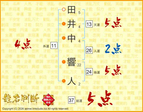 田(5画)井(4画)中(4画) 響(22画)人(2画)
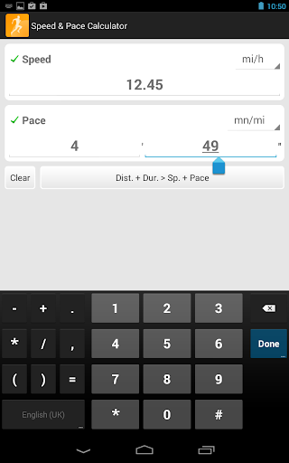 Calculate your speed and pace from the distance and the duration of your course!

==

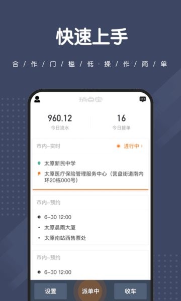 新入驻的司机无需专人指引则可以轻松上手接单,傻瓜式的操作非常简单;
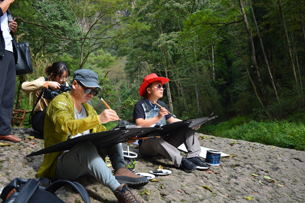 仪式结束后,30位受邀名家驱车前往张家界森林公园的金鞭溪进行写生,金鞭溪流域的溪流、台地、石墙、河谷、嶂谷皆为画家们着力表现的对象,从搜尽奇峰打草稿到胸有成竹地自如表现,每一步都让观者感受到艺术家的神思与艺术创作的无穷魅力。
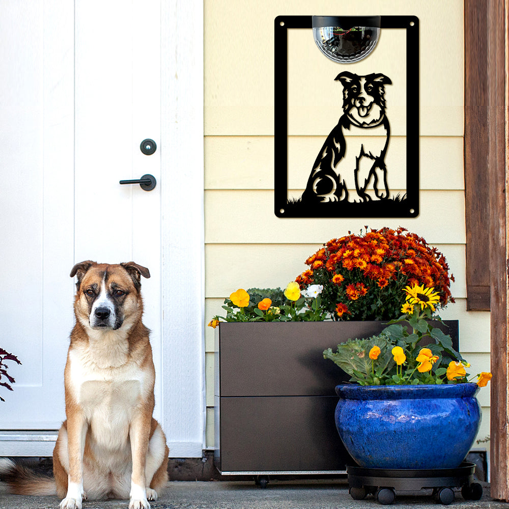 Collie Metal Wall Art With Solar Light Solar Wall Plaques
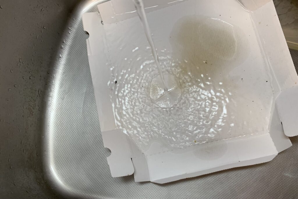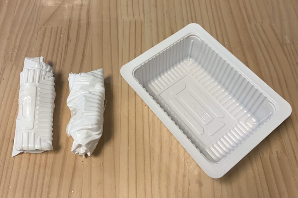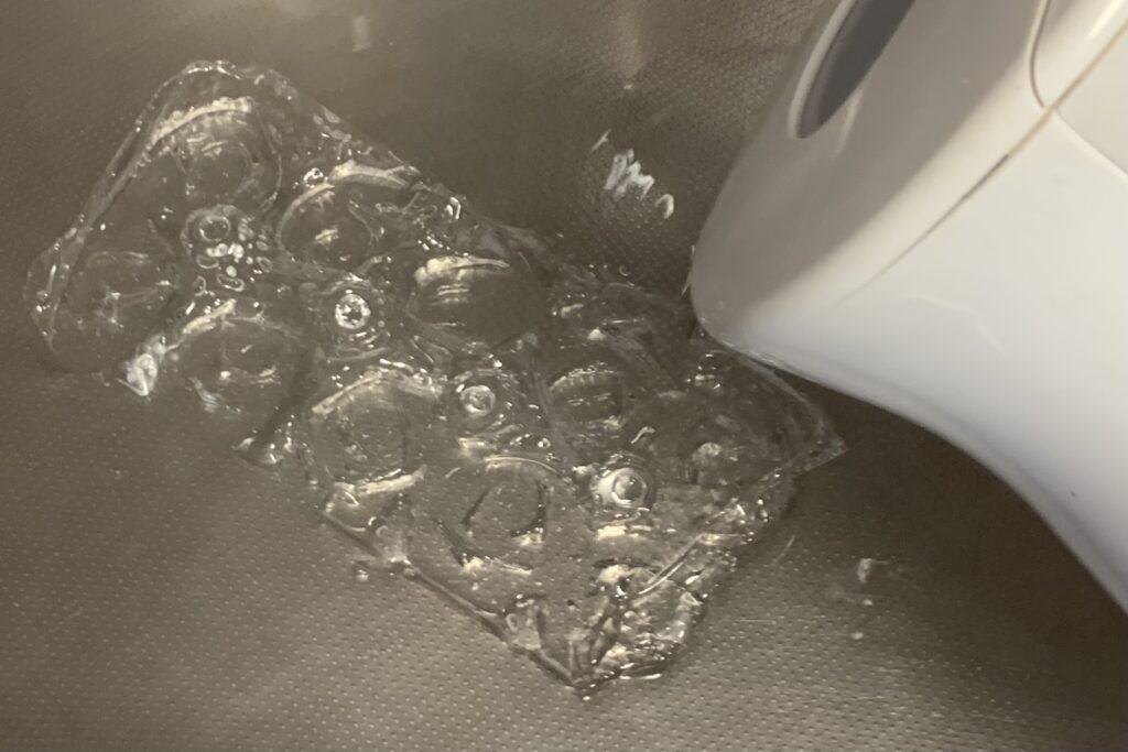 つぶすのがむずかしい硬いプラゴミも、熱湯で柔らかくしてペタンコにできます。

* * *

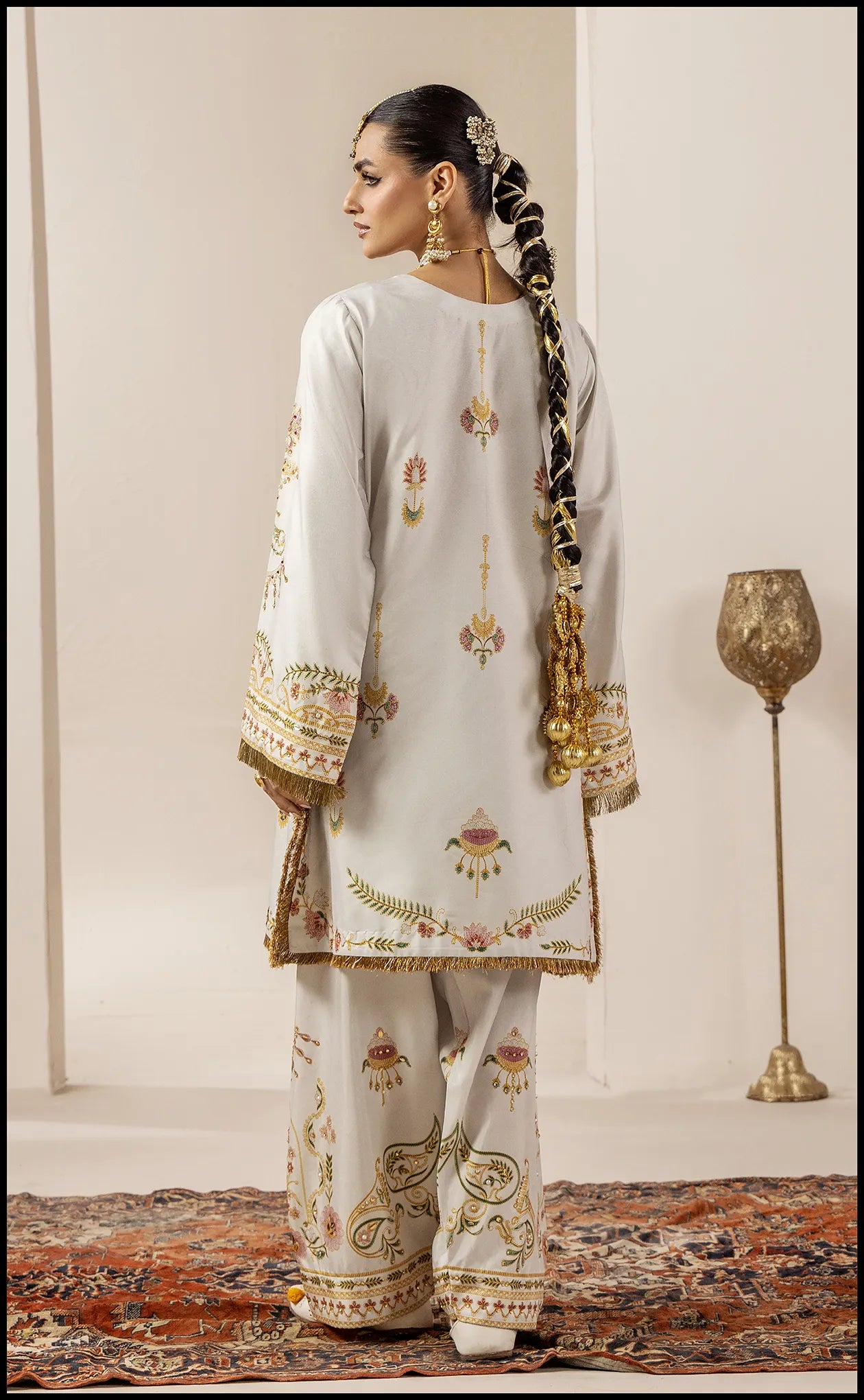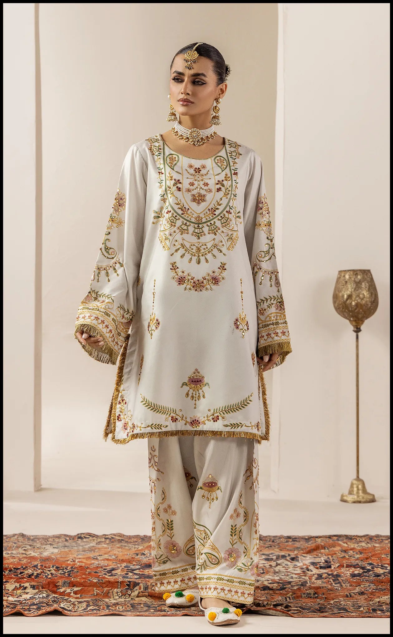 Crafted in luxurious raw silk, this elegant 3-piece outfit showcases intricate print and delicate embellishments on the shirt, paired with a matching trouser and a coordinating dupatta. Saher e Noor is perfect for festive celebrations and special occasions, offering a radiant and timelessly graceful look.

Task to complete: In the records above, find the line with "Collie Metal Wall" and the line with "つぶすのがむずかしい硬いプラゴミも、熱湯で柔らかくしてペタンコにできます。". Write out exactly those lines and every one between, with no pictures and no other lines.

Exercise result:
 Collie Metal Wall Art With Solar Light Solar Wall Plaques
 つぶすのがむずかしい硬いプラゴミも、熱湯で柔らかくしてペタンコにできます。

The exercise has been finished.